Scientists hope to one day develop a drug that will help patients who have KRAS mutations, although research presented at the ASCO meeting suggests this will be a formidable challenge because the tumors are so genetically diverse. Stopping tumors with KRAS mutations will require treatment that can hit many different targets simultaneously, Channing Der, PhD, of the University of North Carolina at Chapel Hill said during the 2012 gastrointestinal cancer meeting sponsored by ASCO. “This is much more complicated than we had previously envisioned,” said Der, who has studied KRAS for almost three decades.

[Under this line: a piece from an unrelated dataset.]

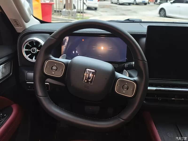 内饰配的红色,,好在按键都是实体的,开车的时候盲操作不费劲,无线充电位置也顺手,就是内饰红颜色容易脏,得勤擦。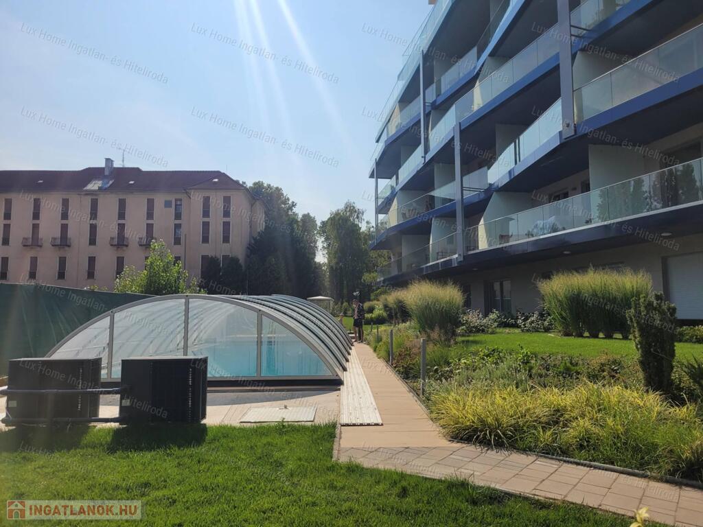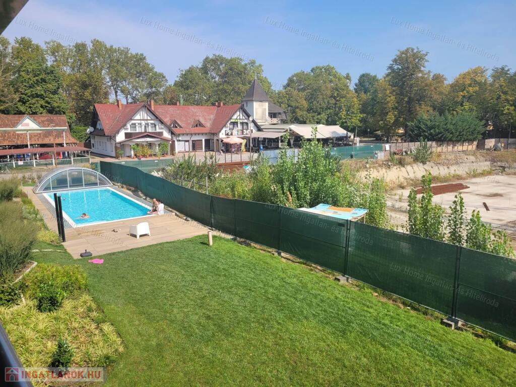 -A társasházhoz tartozik egy impozáns, 12 méteres kültéri medence is, ahol a nyári hőségben felfrissülhet, vagy élvezheti a nap sugarait a vízpart közelében. És ha mégis inkább a Balatonban úszna, a tó közelsége révén ezt pillanatok alatt megteheti.

The KRAS mutation test identifies who shouldn’t get a certain drug, says Brian Wolpin, MD, of the Dana-Farber Cancer Institute in Boston. For those with a KRAS mutation, an EGFR inhibitor simply won’t work. But for most treatments, “we still don’t know who should be getting it.” That’s the ultimate goal—to be able to know that a tumor has a certain set of mutations and prescribe a strategy to match. Otherwise, it’s like trying to win a chess game using the same moves every time against every player; a quick checkmate is easy if you know your opponent’s moves in advance.

Finding targets takes time, and sometimes findings that seem promising turn out to be false leads. Earlier this year, for example, a clinical trial of the experimental drug brivanib alaninate produced disappointing results, showing no overall survival benefit although there were some positive trends in progression-free survival. But other potential targets await testing.

There’s another problem, too, that has thwarted the ability of doctors to cure metastatic tumors regardless of where they come from. Even when drugs successfully wipe out a tumor, some microscopic remnants might escape treatment—either because they are resistant or just more genetically nimble than the original cancer. Rarely does chemotherapy obliterate every single metastatic cell, Wolpin says. “Those bits of cancer that survive are able to ignite new tumors.” Studies are just now beginning to define what those cells are, why they resist treatment and how they can be conquered.

Wolpin believes the knowledge will come. “I think the future is very bright,” he says. “Even though we have not been as successful up to this point as we would like in identifying appropriate targets, that’s changing.”

While waiting for the science to catch up, patients with advanced colorectal cancer see each day as a new beginning, Carver says. Like Angalet, he spends a large part of each week supporting fellow patients he’s found through the Colon Cancer Alliance and relishing time with the people he loves.

“I can’t not think about what the future holds because too many of my friends have run out of options,” Carver says. “That is one of the scariest positions to be in.” But as long as he has choices, he says, he has hope, which is the one therapy no patient can do without.